— О, и полагаю, ты тот, перед кем я должна склонить голову? — Лотти уперлась пальцем в его грудь. — Что ж, позволь сказать тебе кое-что, Лукка Чатсфилд. — Тычок. — Ты последний мужчина, с кем я когда-либо свяжусь. — Тычок. — Ты дурачишь людей. — Тычок. — Ты играешь с ними, а потом бросаешь. Я не думаю, что этим стоит хвастаться. Ты должен стыдиться.
Лукка отмахнулся от ее руки, как от назойливой мошки.
— Нет. Смирись с этим.
Лотти топнула ногой:
— Ты считаешь меня трусихой, но что насчет тебя? Когда ты повзрослеешь? Ты просто легкомысленный Питер Пэн, плейбой, который даже не настолько зрел, чтобы жить на собственные средства, а просто разбазаривает семейное состояние, словно какой-то кровосос.
Воцарилась тишина.
— Ты закончила? — Стальной взгляд, напряженная челюсть — все в нем застыло, кроме жилки, которая дергалась на его левой щеке.
Лотти колебалась. В том, чтобы наконец-то проникнуть в его душу, было что-то невероятно привлекательное. Он такой очаровательный, такой непринужденный, смеется над жизнью и над всеми, словно его не волнует, что о нем думают другие. Но под этим фасадом мальчика-праздника скрывается гордый мужчина. Обозленный мужчина.

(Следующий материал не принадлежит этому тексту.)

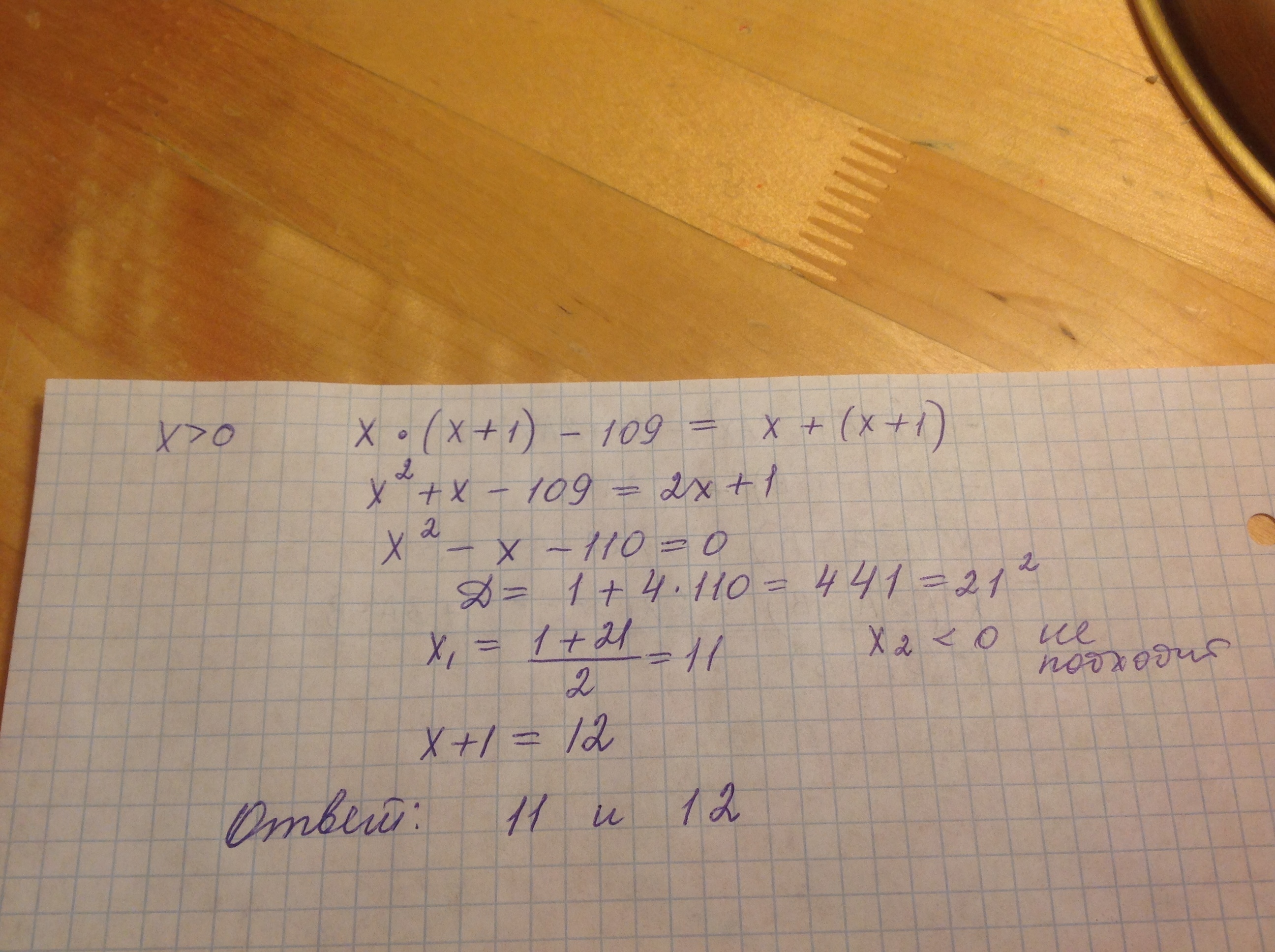 произведение 2-х последовательных натуральных чисел больше их суммы на 109. Найдите эти числа.

— Нет, я не закончила. Пора тебе услышать правду, а то все только танцуют вокруг тебя и подкармливают твое эго. Кто твои настоящие друзья? Кто знает тебя? Настоящего тебя? Кому интересен ты, а не твои деньги? Кому ты интересен больше, чем что-либо в мире? Никому. Ты ничто без денег своей семьи, и ты это чертовски хорошо знаешь.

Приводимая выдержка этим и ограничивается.